Similarly running get bfd-sessions on the edge virtual machine will list further details about the sessions between the edge nodes and the host transport nodes.
Failure Scenario
Failing one of the edges – force power off nsx-en2, leaving nsx-en1 still powered on
Going back and checking the status of the edges shows that both are now down, even though one is actually still up. Remembering this is a new environment and these testes are being done right after the initial build, which means there is no overlay workload on the hosts and all tunnels were previously up.
Running the same commands now will show there are no tunnels currently up between the remaining host transport nodes and nsx-en1. Once the downed edge is brought back up, all is OK again.
After a lot of troubleshooting and testing different ways of failing the edge virtual machine (maintenance mode, migrating and powering off, removing nics), the second edge never remained in an up state after one was failed.
Once it was evident that the edge virtual machine was going down because it had no BFD sessions active, I created an overlay segment, plumbed it into the T0 gateway and attached a virtual machine, I made sure prior to failing an edge that the virtual machine could communicate with the physical network.
Now after failing an edge node the other remains active as there is still an active tunnel to the host, which keeps the edge in an up state.

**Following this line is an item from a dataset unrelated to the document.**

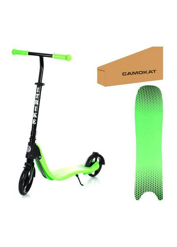 Матеріал: алюміній, поліуретан (PU). Розмір платформи: 53х11 см. Діаметр коліс: 200 мм. Підшипник: АВЕС-7. Колір: чорний жовтий. Призначення: для активного відпочинку та фітнесу. Призначення Самокат – це найпростіший транспортний засіб, що приводиться в дію м'язовою силою «водія» і призначене переважно для розваги. При цьому, крім позитивних емоцій, які отримує будь-який користувач, незалежно від віку та досвіду, катання на самокаті дозволяє зміцнити здоров'я. Навіть неспішні поїздки включають у роботу різні групи м'язів, надають корисне навантаження на серцево-судинну систему та розвивають почуття рівноваги. Кататися на самокаті можна на будь-якій рівній поверхні. Опис Рама цього самокату виготовлена з міцного алюмінію (металу) промислового класу. Вона встановлена на колеса зі стійкого до зносу поліуретану, діаметр яких (200 мм) дозволяє розвивати досить пристойну швидкість. Одночасно низько посаджена дека допомагає зберігати рівновагу, а амортизатори на передній та задній вилці знижують вібрацію та забезпечують плавність ходу. Для екстреної зупинки служить гальмо п'яти (step-on brake), розташоване над заднім колесом. Механізм складання й опорна ніжка, що відкидається, значно спрощують експлуатацію самоката. Переваги: Надійна конструкція забезпечує тривале, комфортне використання самоката. Завдяки регульованій висоті керма підходить користувачам різного зростання. Великі колеса та амортизатори приховують вібрацію від нерівностей дороги. Характеристики Вид Самокати Тип Міські Вага користувача100 кг Складна конструкція Зі складною конструкцією Гальмо Ножний Кількість коліс 2 шт Матеріал коліс Поліуретан (PU) Матеріал колісних дисків Алюміній Країна виробник Китай

Failed edge node but remaining edge still in an active state
In summary, if you have just installed or upgraded to NSX-T 3 and you find when failing one edge virtual machine in a two node cluster the other also goes down. This is because it has no BFD sessions / tunnels active (note VLAN backed segments or load balancer VIPs are not the same as overlay backed segments with active workload on them!!). The reason it is all happy when the other edge node is up is because there is a BFD session between the two of them and not with any of the host transport nodes. An active session is only created with a host transport node when it has active workload on an overlay segment.